I am particularly interested in this question because I am working with a segment of performance-sensitive code. I noticed that after inlining a function that contains a series of if statements, performance degrades pretty significantly. I'm using GNU Make 3.81, if that's relevant.

I'd recommend leaving inlining decisions to the compiler - and so do compiler-writers, who happily ignore which functions the programmer declared `inline`. — EOF, Mar 24 '15 at 01:21
_"I'm using GNU Make 3.81, if that's relevant."_ The more relevant portion might be the C++ compiler implementation used. — πάντα ῥεῖ, Mar 24 '15 at 01:21
Inline is generally within 5 lines of code optimization, cycle and switch statements usually have a large number of logic. And if you need to optimize, the rule of 80/20, find out the pathogeny, careful optimization. Everything after optimization, considering inline — Ron Tang, Mar 24 '15 at 01:23
I've inspected a significant sample of our code as instruction dumps in kdb, and from my experience, our compiler is actually inlining functions that are labelled inline, and explicitly calling functions that are not inline. For my case I think I can assume that this process is relatively straightforward. — olliezhu, Mar 24 '15 at 01:32
@uhwuggawuh: again, which compiler, which architecture? The architecture matters: On archs with stack-based calling conventions (x86 stdcall), the function call has quite high inherent cost. On register-based calling conventions (x86-64, MIPS, x86 fastcall), inlining mostly allows reordering of instructions across the function call, and may eliminate redundant calculations. Some of those advantages can also be gained by constant-propagation. — EOF, Mar 24 '15 at 01:38
@EOF: Some of the code runs on x86-64 architecture, and some of the code is firmware for a network processor architecture (that has register-based calling convention). So in this case, you're saying that when I inline functions I will not be seeing significant improvements associated with eliminating function call overhead? — olliezhu, Mar 24 '15 at 02:07
@EOF I agree with your sentiment but not your statements that compilers ignore inline. — Neil Kirk, Mar 24 '15 at 02:16

score 17 · Accepted Answer · answered Mar 24 '15 at 01:24

17

Inlining functions with conditional branches makes it more difficult for the CPU to accurately predict the branch statements, since each instance of the branch is independent.

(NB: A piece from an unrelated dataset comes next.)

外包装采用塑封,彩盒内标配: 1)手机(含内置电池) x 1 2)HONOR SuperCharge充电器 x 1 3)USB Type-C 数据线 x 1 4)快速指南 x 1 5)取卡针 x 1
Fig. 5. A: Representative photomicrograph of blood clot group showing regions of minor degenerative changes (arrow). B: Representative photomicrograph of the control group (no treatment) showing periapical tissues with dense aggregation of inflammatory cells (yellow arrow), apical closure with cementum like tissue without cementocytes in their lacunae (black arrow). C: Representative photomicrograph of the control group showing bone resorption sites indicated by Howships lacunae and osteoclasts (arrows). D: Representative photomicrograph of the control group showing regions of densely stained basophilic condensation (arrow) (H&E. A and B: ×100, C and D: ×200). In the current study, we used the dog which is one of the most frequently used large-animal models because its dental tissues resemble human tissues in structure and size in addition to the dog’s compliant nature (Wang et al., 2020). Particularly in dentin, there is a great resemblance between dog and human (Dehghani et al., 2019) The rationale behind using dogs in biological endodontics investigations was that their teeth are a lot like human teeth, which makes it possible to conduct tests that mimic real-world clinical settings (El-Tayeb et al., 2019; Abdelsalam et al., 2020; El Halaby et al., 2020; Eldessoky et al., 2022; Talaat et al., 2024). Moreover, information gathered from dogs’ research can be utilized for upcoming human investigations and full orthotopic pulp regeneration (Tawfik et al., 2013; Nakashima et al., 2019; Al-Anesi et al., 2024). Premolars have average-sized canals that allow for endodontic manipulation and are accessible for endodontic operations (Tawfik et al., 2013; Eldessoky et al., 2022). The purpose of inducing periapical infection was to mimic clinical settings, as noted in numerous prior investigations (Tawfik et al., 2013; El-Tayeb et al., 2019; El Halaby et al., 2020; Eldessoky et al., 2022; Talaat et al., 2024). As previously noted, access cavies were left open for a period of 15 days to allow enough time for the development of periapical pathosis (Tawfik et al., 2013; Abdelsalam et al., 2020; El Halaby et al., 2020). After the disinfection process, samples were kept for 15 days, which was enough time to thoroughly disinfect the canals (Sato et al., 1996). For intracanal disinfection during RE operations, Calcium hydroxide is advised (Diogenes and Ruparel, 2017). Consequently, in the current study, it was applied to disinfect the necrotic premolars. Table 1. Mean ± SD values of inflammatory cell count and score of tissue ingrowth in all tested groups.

If there are several branch statements, successful branch prediction saves a lot more cycles than the cost of calling the function.

Similar logic applies to unrolling loops with switch statements.

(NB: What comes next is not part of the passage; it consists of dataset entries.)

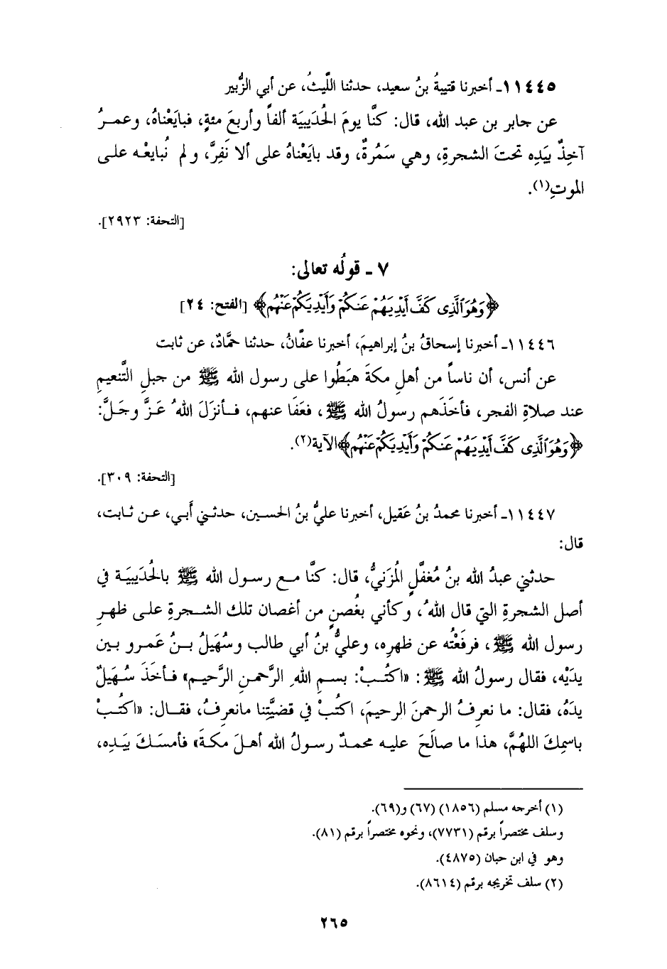 11447 - أَخْبَرَنَا مُحَمَّدُ بْنُ عُقَيْلٍ، أَخْبَرَنَا عَلِيُّ بْنُ الْحُسَيْنِ، حَدَّثَنِي أَبِي، عَنْ ثَابِتٍ، قَالَ: حَدَّثَنِي عَبْدُ اللهِ بْنُ مُغَفَّلٍ الْمُزَنِيُّ، قَالَ: كُنَّا مَعَ رَسُولِ اللهِ صَلَّى اللهُ عَلَيْهِ وَسَلَّمَ بِالْحُدَيْبِيَةِ فِي أَصْلِ الشَّجَرَةِ الَّتِي قَالَ اللهُ، وَكَأَنِّي بِغُصْنٍ مِنْ أَغْصَانِ تِلْكَ الشَّجَرَةِ عَلَى ظَهْرِ رَسُولِ اللهِ صَلَّى اللهُ عَلَيْهِ وَسَلَّمَ، فَرَفَعْتُهُ عَنْ ظَهْرِهِ، وَعَلِيُّ بْنُ أَبِي طَالِبٍ وَسُهَيْلُ بْنُ عَمْرٍو بَيْنَ يَدَيْهِ، فَقَالَ رَسُولُ اللهِ صَلَّى اللهُ عَلَيْهِ وَسَلَّمَ: " اكْتُبْ: بِسْمِ اللهِ الرَّحْمَنِ الرَّحِيمِ " فَأَخَذَ سُهَيْلٌ يَدَهُ، فَقَالَ: مَا نَعْرِفُ الرَّحْمَنَ الرَّحِيمَ، اكْتُبْ فِي قَضِيَّتِنَا مَا نَعْرِفُ، فَقَالَ: «اكْتُبْ بِاسْمِكَ اللهُمَّ»، هَذَا مَا صَالِحَ عَلَيْهِ مُحَمَّدٌ رَسُولُ اللهِ أَهْلَ مَكَّةَ , فَأَمْسَكَ بِيَدِهِ فَقَالَ: فَقَدْ ظَلَمْنَاكَ إِنْ كُنْتَ رَسُولًا، اكْتُبْ فِي قَضِيَّتِنَا مَا نَعْرِفُ، فَقَالَ: " اكْتُبْ: هَذَا مَا صَالِحَ عَلَيْهِ مُحَمَّدُ بْنُ عَبْدِ اللهِ بْنِ عَبْدِ الْمُطَّلِبِ، وَأَنَا رَسُولُ اللهِ " , قَالَ: فَكَتَبَ، فَبَيْنَمَا نَحْنُ كَذَلِكَ إِذْ خَرَجَ عَلَيْنَا ثَلَاثُونَ شَابًّا عَلَيْهِمُ السِّلَاحُ، فَثَارُوا فِي وُجُوهِنَا، فَدَعَا عَلَيْهِمُ النَّبِيُّ صَلَّى اللهُ عَلَيْهِ وَسَلَّمَ، فَأَخَذَ اللهُ بِأَبْصَارِهِمْ، فَقُمْنَا إِلَيْهِمْ فَأَخَذْنَاهُمْ، فَقَالَ لَهُمْ رَسُولُ اللهِ صَلَّى اللهُ عَلَيْهِ وَسَلَّمَ: «هَلْ جِئْتُمْ فِي عَهْدِ أَحَدٍ، أَوْ هَلْ جَعَلَ لَكُمْ أَحَدٌ أَمَانًا؟ ,» فَقَالُوا: لَا، فَخَلَّى سَبِيلَهُمْ، فَأَنْزَلَ اللهُ عَزَّ وَجَلَّ {§وَهُوَ الَّذِي كَفَّ أَيْدِيَهُمْ عَنْكُمْ وَأَيْدِيَكُمْ عَنْهُمْ} [الفتح: 24] إِلَى {بَصِيرًا} [النساء: 58]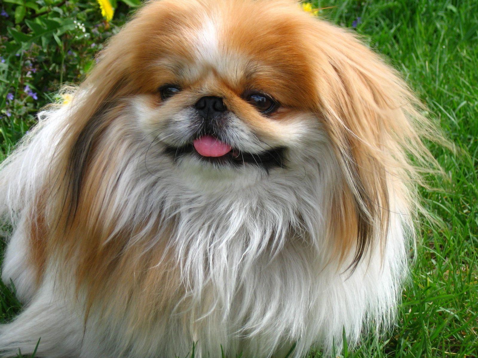 Wallpaper Pekingese walks in the garden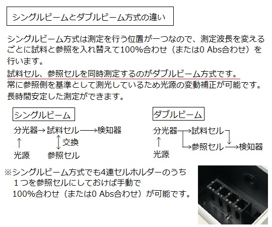 ●定量測定もできる多機能ハイスペックタイプ。●シングルビームタイプの紫外可視光用分光光度計です。●標準カーブ、マルチ波長計測、波長スキャニング、キネティックス、DNA/タンパク質分析が可能です。●USBメモリーでデータの保存が容易にできます。●4つのセルを搭載できます。●サイズ(mm):490×385×230●重量(kg):14●シングルビーム●波長範囲:190~1100nm●スペクトルバンド幅:2nm●波長精度:±0.5nm●波長再現性:0.3nm●測定方式:シングルビーム(1200ライン/mm)●測定範囲:透過率/0~200%T、吸光度/-0.3~+3A、濃度/0~9999C●測定精度:透過率/±0.5% T●迷光:0.05% T@220nm、360nm●スキャン速度:最大3000nm/min●安定度:0.0008A/h@500nm●セルホルダー:4連セルホルダー●光源:タングステンランプ、重水素ランプ●インターフェース:USB●対応OS:Windows(R)8/8.1/10(32・64bit)/11(64bit)●電源:AC100V 50/60Hz●付属品:USBケーブル、ガラス角セル×4本、石英角セル×2本、USBキー、ソフトウェア(USBメモリ)

The Google guide referenced doesn't mention anything about functions returning values, so I'm assuming that reference is elsewhere, and requires a different question with an explicit citation.

answered Mar 24 '15 at 01:24

rici

234,347
28
237
341

Yes, the reference to functions returning values was just something I was seeing around StackOverflow on the topic of inline functions, often in the same breath as the warnings against inlining functions with loops and switch statements. – olliezhu Mar 24 '15 at 01:27
3

@uhwuggawuh: The reference you gave for that is a 0-point answer by a 1-reputation author... – EOF Mar 24 '15 at 01:29
@rici: Are you saying that the reason that inlining is not cost effective in these situations is because the performance bottleneck will be in the relatively cycle-heavy process of looping or branching? – olliezhu Mar 24 '15 at 01:40
1

@uhwuggawuh: No. I'm saying that not inlining will make it more likely that the CPU will correctly predict branches, making the loops and other branches significantly faster. – rici Mar 24 '15 at 01:42
1

@rici: unless calling the same function in different places with very different arguments ends up confusing the branch predictor... – EOF Mar 24 '15 at 01:43
@EOF: That was not the only case where I saw this being said; there are several other threads on StackOverflow that reiterated this. e.g. https://stackoverflow.com/questions/60830/what-is-wrong-with-using-inline-functions – olliezhu Mar 24 '15 at 01:45
@uhwuggawuh: The citation in SO you give (aside from its other weaknesses) doesn't say you shouldn't inline functions which include those four features. It says that the compiler may refuse to inline such functions. That's true only because the compiler may always refuse to inline a function, and it is not obliged to tell you why. – rici Mar 24 '15 at 01:46
@EOF: I only said "more likely". – rici Mar 24 '15 at 01:49
@rici: Thanks for clarifying. Could you also expand on how this is similarly applies with loop unrolling? Are you saying that it is also more difficult for the compiler to unroll loops to improve performance if the function is inlined? – olliezhu Mar 24 '15 at 02:24
1

@uhwuggawuh: Most branch predictors build up a history of past branches, and use the virtual address of the branch to find its history. If you unroll a loop containing `switch` then you duplicate all the branches in the `switch`, making the CPU take longer to get good branch history and also consuming more of the CPU's (limited number of) "branch prediction slots". – Brendan Mar 24 '15 at 02:56
@uhwuggawuh: Also; be aware that (in general, for all optimisation advice) corner cases were the advice is wrong are possible. A simple example would be inlining a function containing `switch` where most callers use constant arguments (and where the compiler can use constant folding to remove branches if its been inlined). – Brendan Mar 24 '15 at 03:02
@Brendan: but in such a case, a compiler may be more likely to inline, regardless of whether or not requested to. – rici Mar 24 '15 at 03:05

score 3 · Answer 2 · answered Mar 25 '15 at 11:43

While in your case, the performance degradation seems to be caused by branch mispredictions, I don't think that's the reason why the Google style guide advocates against inline functions containing loops or switch statements. There are use cases where the branch predictor can benefit from inlining.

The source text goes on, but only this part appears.